_Exercise brief_
Keeping every line intact, repeat the data word for word.

Saved entries
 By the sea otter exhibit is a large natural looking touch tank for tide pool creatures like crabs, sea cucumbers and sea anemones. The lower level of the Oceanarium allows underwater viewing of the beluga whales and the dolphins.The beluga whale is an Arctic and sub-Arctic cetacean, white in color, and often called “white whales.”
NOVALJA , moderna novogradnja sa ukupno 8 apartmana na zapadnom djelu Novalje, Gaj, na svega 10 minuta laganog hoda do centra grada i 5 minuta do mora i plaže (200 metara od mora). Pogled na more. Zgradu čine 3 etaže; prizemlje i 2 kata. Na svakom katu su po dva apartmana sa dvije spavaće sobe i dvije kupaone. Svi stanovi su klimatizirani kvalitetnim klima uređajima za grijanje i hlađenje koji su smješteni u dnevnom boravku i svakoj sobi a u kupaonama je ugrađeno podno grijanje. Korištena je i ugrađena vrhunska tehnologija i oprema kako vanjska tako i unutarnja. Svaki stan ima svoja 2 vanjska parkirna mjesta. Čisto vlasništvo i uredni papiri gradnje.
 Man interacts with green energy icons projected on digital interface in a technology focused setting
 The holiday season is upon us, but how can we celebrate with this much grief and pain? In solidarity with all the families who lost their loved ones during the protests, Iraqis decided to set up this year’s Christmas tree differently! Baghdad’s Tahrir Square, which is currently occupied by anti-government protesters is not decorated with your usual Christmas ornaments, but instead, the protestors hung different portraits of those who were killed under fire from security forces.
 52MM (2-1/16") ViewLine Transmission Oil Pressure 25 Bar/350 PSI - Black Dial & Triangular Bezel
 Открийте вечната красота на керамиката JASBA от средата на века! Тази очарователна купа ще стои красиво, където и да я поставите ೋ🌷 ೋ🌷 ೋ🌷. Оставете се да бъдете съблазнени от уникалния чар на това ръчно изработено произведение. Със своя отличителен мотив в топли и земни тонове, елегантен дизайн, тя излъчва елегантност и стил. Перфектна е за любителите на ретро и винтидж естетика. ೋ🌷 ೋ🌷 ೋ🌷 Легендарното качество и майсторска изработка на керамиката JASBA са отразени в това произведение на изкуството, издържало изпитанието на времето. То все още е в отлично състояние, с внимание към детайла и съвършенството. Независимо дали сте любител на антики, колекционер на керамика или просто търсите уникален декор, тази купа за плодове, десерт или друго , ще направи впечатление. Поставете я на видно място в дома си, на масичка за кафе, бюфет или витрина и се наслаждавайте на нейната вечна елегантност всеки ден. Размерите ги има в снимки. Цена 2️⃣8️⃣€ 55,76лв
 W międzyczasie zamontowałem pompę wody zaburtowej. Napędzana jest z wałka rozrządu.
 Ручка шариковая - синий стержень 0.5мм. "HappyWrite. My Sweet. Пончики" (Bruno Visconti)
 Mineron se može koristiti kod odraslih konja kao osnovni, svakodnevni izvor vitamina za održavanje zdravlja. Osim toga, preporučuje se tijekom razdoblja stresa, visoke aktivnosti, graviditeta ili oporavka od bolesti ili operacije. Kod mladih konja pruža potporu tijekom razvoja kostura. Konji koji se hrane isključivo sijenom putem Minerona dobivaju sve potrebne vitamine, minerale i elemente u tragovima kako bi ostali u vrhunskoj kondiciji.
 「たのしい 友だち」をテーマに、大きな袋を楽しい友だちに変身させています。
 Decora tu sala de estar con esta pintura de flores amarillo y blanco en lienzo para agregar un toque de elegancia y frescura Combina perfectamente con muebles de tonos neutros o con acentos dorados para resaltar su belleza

_Result of the exercise_
 By the sea otter exhibit is a large natural looking touch tank for tide pool creatures like crabs, sea cucumbers and sea anemones. The lower level of the Oceanarium allows underwater viewing of the beluga whales and the dolphins.The beluga whale is an Arctic and sub-Arctic cetacean, white in color, and often called “white whales.”
NOVALJA , moderna novogradnja sa ukupno 8 apartmana na zapadnom djelu Novalje, Gaj, na svega 10 minuta laganog hoda do centra grada i 5 minuta do mora i plaže (200 metara od mora). Pogled na more. Zgradu čine 3 etaže; prizemlje i 2 kata. Na svakom katu su po dva apartmana sa dvije spavaće sobe i dvije kupaone. Svi stanovi su klimatizirani kvalitetnim klima uređajima za grijanje i hlađenje koji su smješteni u dnevnom boravku i svakoj sobi a u kupaonama je ugrađeno podno grijanje. Korištena je i ugrađena vrhunska tehnologija i oprema kako vanjska tako i unutarnja. Svaki stan ima svoja 2 vanjska parkirna mjesta. Čisto vlasništvo i uredni papiri gradnje.
 Man interacts with green energy icons projected on digital interface in a technology focused setting
 The holiday season is upon us, but how can we celebrate with this much grief and pain? In solidarity with all the families who lost their loved ones during the protests, Iraqis decided to set up this year’s Christmas tree differently! Baghdad’s Tahrir Square, which is currently occupied by anti-government protesters is not decorated with your usual Christmas ornaments, but instead, the protestors hung different portraits of those who were killed under fire from security forces.
 52MM (2-1/16") ViewLine Transmission Oil Pressure 25 Bar/350 PSI - Black Dial & Triangular Bezel
 Открийте вечната красота на керамиката JASBA от средата на века! Тази очарователна купа ще стои красиво, където и да я поставите ೋ🌷 ೋ🌷 ೋ🌷. Оставете се да бъдете съблазнени от уникалния чар на това ръчно изработено произведение. Със своя отличителен мотив в топли и земни тонове, елегантен дизайн, тя излъчва елегантност и стил. Перфектна е за любителите на ретро и винтидж естетика. ೋ🌷 ೋ🌷 ೋ🌷 Легендарното качество и майсторска изработка на керамиката JASBA са отразени в това произведение на изкуството, издържало изпитанието на времето. То все още е в отлично състояние, с внимание към детайла и съвършенството. Независимо дали сте любител на антики, колекционер на керамика или просто търсите уникален декор, тази купа за плодове, десерт или друго , ще направи впечатление. Поставете я на видно място в дома си, на масичка за кафе, бюфет или витрина и се наслаждавайте на нейната вечна елегантност всеки ден. Размерите ги има в снимки. Цена 2️⃣8️⃣€ 55,76лв
 W międzyczasie zamontowałem pompę wody zaburtowej. Napędzana jest z wałka rozrządu.
 Ручка шариковая - синий стержень 0.5мм. "HappyWrite. My Sweet. Пончики" (Bruno Visconti)
 Mineron se može koristiti kod odraslih konja kao osnovni, svakodnevni izvor vitamina za održavanje zdravlja. Osim toga, preporučuje se tijekom razdoblja stresa, visoke aktivnosti, graviditeta ili oporavka od bolesti ili operacije. Kod mladih konja pruža potporu tijekom razvoja kostura. Konji koji se hrane isključivo sijenom putem Minerona dobivaju sve potrebne vitamine, minerale i elemente u tragovima kako bi ostali u vrhunskoj kondiciji.
 「たのしい 友だち」をテーマに、大きな袋を楽しい友だちに変身させています。
 Decora tu sala de estar con esta pintura de flores amarillo y blanco en lienzo para agregar un toque de elegancia y frescura Combina perfectamente con muebles de tonos neutros o con acentos dorados para resaltar su belleza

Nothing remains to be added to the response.